Manyonga deserves all the praise and admiration coming his way because he managed to defy the odds that were so heavily stacked against him.
True to the character of a champion, Manyonga thanked the people that had made it possible for him to escape the tik pipe.
His feat, of course, started with a decision, a decision to rise above his circumstances, and to live up to the immense promise he holds.
“Let us drink to the one that survives his dreams, to the one that gets what he asks for.”
Less than two years after he was diagnosed with Hodgkin’s lymphoma, Brittain crossed the finish at the Rodrigo de Freitas Lagoon with crewmate Shaun Keeling for their Olympic men’s pair silver medal.
In that final stroke across the line Brittain finally banished the memory of the six three-week cycles of chemotherapy, and his family’s desperate fight for his health.

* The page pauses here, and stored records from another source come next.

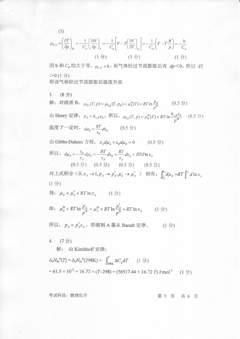 中国科学技术大学2016-2011物理化学考研真题和答案(47)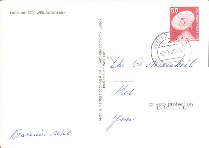 72255282 alte Postkarte Weilburg postalisch gelaufen Erhaltung siehe scans KatCode: 11110006533017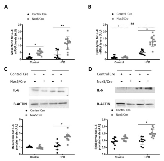 Chicago/Turabian StyleGarcía, Jorge G., Carlos de Miguel, Fermín I. Milagro, Guillermo Zalba, and Eduardo Ansorena. 2022. "Endothelial NOX5 Expression Modulates Thermogenesis and Lipolysis in Mice Fed with a High-Fat Diet and 3T3-L1 Adipocytes through an Interleukin-6 Dependent Mechanism" Antioxidants 11, no. 1: 30. https://doi.org/10.3390/antiox11010030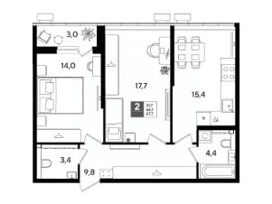 В продаже 2-комнатная квартира от застройщика! Мкр. "DOGMA PARK" г. Краснодар, Литер 8 Срок сдачи: 4 кв. 2026, общей площадью 67.7 кв.м., на 2 этаже.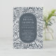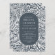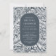 Motif moderne feuille et fleur avec un ovale élégant encadrant vos informations de fête en bleu marine et blanc.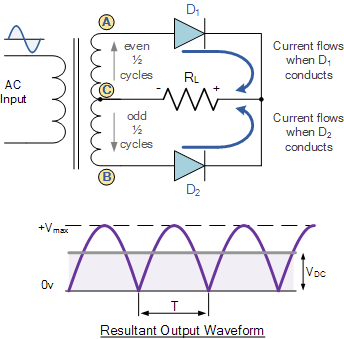 Täisperioodalaldi, mis kasutab neljast dioodist koosnevat dioodsilda, laseb läbi mõlemad poolperioodid, pakkudes sujuvamat ja kõrgema keskmise pingega väljundit:

Four months later he had beaten cancer and was starting his slow and painful pursuit of earning a seat with Keeling in the Olympic boat.

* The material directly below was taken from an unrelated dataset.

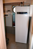 Modernizacja systemu ogrzewania polegała na wykonaniu 4 odwiertów o głębokości 50 m i zamontowaniu pompy ciepła. Pozostawiono kocioł na olej opałowy oraz zbiornik na olej i używa się ich tylko podczas najniższych temperatur. Wszystkie urządzenia zmieściła kotłownia o powierzchni 8,90 m2

Unfit and overweight, Brittain’s small gains were complicated by his heart rate capped at 120.
He persevered and shed 16kg of the weight he had gained since starting his treatment to make his debut at the Rio Olympic Games.
Manyonga and Brittain represent the most beautiful of human characteristics.
“Let us drink to the one that survives his dreams, to the one that gets what he asks for.”